# Picture Testing



## Noel (5 May 2004)




----------



## Noel (5 May 2004)

Test 2


----------



## Noel (5 May 2004)




----------



## Noel (5 May 2004)

Have tried Pbase (thanks Adam) and from where I'm sitting can see all three images. Number 2 is the size to use.
Can others see the pictures?

Rgds

Noel


----------



## Alf (5 May 2004)

Noely":1h1oamfs said:


> Can others see the pictures?


Only after I'd viewed them via the url; subsequently they show up just fine. 

Cheers, Alf


----------



## Adam (5 May 2004)

Noely,

I can't see your images either, but can if I paste the URL directly into my web browser. There something slightly wrong about the URL's you are using to link to your images. I've been into pbase.com and had a look at your gallery and the first thing that strikes me as odd, is that I can't see any galleries at all in your section.

In mine, I have galleries like "WW", "Workshop" and "dust extration" etc.

Then, I upload photos into each of those sections.

Clicking on each image within them, should bring them up as completly unique image number e.g.


```
http://www.pbase.com/image/28442039
```

Now if you want to pass a link to the entire directory that the image is in, you need the actual URL of the direction e.g.


```
http://www.pbase.com/asleitch/ww
```

This is what you give people to let them see you albums.

If you try and direct link to an image using this (e.g. to add a picture within uk_workshop)


```
http://www.pbase.com/image/28442039
```
 - it doesn't work - you need to add a .jpg to the image on it's own. The link will however let people see it if they add it to their web browser.

e.g.


```
http://www.pbase.com/image/28442039.jpg
```

Now pbase is nice, 'cos it creates small, medium, large and holds the original image provided the original was sufficiently hhigh resolution. This is great for this site, as you can link to larger images, having let pbase.com do the work for you - creating the smaller files. To access the different sizes - they are listed as below


```
http://www.pbase.com/image/28442039/original.jpg
```


```
http://www.pbase.com/image/28442039/large.jpg
```


```
http://www.pbase.com/image/28442039/medium.jpg
```


```
http://www.pbase.com/image/28442039/small.jpg
```

To get the individual files, I normally click on "edit this gallery" - then the page it takes you allows you to scrolll down and select either small, medium or large - when posting some of my long linkes, I manually change medium /large/small as it's quicker than going back just to get a different URL.

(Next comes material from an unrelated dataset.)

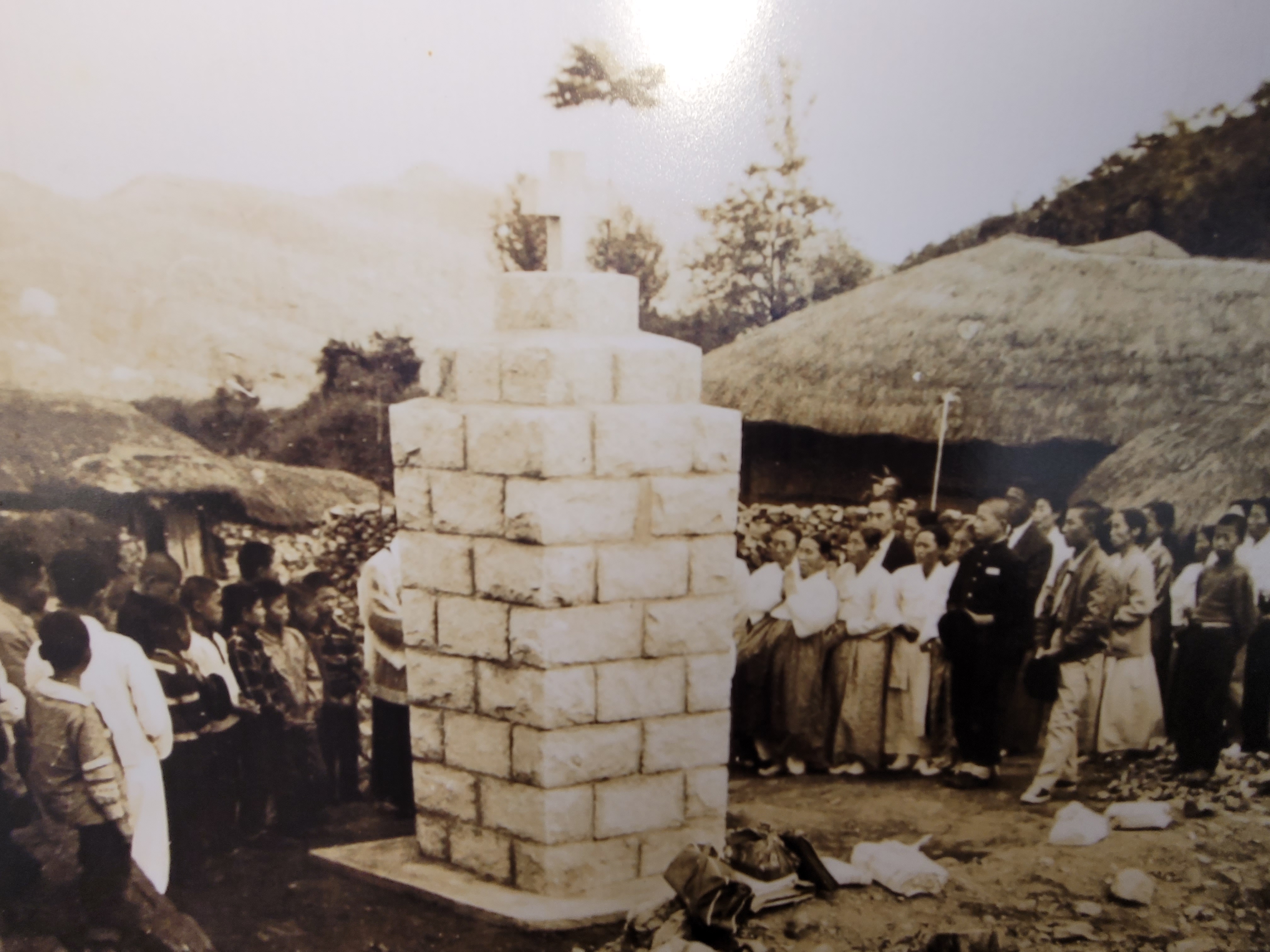 이 십자가를 받고 손골에서는 도리 신부 순교비를 세웠는데요, 순교비 꼭대기에 딸몽에서 보내온 돌 십자가를 올려놓았습니다. 앞서 소개해 드렸던 손골기념관에서 보니 당시 돌 십자가를 세우던 흑백 사진이 있습니다.

Comparing your URL to mine shows that you haven't got something quite right.... Yours....

```
http://image.pbase.com/u44/noel157/small/28649499.IMG_0012.jpg
```
Mine....

```
http://www.pbase.com/image/28442039.jpg
```

The only reason I can think your URL is different is if you haven't created any directories, and all your images are still in you "inbox". I never use that function - I always create a directory and then upload into there. Don't forget for multiple images, if you zip them up - I create a a file called upload.zip normally, and then upload it as for an image - then pbase.com does an unzip at it's end.

If you are still struggling - send me a personal message - with your phone number, and I'll ring you and talk you through.

Adam


----------



## Adam (5 May 2004)

Further investigations, whereever you have managed to uplad them to (probably your inbox) is a protected area within PBASE and direct linking is not allowed - you need to move them into a directory - and make sure it's public - otherwise we can't see them!







```
http://www.pbase.com/image/28649499.jpg
```

Is what I think you are aiming for (however as you can see above - it ain't letting us see it!). Try creating some directories. The reason you can see them and we can;t is probably 'cos your PC has access to that directory because you are logged in. Once you've created a directory - you don't need to re-upload them - you can just copy them out of your inbox.


----------



## Neil (5 May 2004)

Just had a look at PBase's terms & conditions:



> Direct image linking is only available to paid subscribers



Bit of a recurring theme here...  

NeilCFD


----------



## Neil (5 May 2004)

Sorry Adam, our replies crossed over there!

NeilCFD


----------



## Adam (5 May 2004)

Ahh, I'm a definate paid-up-subscriber - for all the reasons mentioned already. You could email them to me, and I'll host them (for a while at least!) or you could keep searching. I think your ISP is the best bet for truly free webspace - everyone else seems to have a catch.


Adam


----------



## Noel (5 May 2004)

Thanks Adam, obviously a bit more work to do.
Neil, I think for $23 / £12.80 per year it's well worth it. As you rightly surmise, no such thing as a free lunch....
After all this fathing about I better start posting some interesting pictures....

Rgds

Noel


----------



## Neil (5 May 2004)

I think you're right, Adam - either using your ISP or taking out a paid subscription to pbase is the way to go.

NeilCFD


----------



## Adam (5 May 2004)

I found it the best priced for my needs. It creates all the different sizes - that saves me time processing and resizing. It's never gone down for as long as I can remember. Each piccy gets a unique link to direct link to. You keep your copyright unlike most other sites, you buy credits - so get 100MB for 12 months, or 1200MB for 1 month - that means you never hit any fixed limits. (And I have had over 500MB on ocasions after photographing a couple of weddings in quick succession). It's easy to upload with the .zip facility, and cheap. 

Adam

If you want to have some pictures hosted temporarily, them PM me, and I'll give you my email address - email them, and I'll host them for a while.


----------



## CYC (5 May 2004)

Noely, can you create one of those free Eircom account. You know Eircom, the irish rip off company!!
Well it's free to create an account and you can have a webspace with up to 10Mb.
This is what I use and direct linking works fine. The only thing is I wonder if it would work in the North.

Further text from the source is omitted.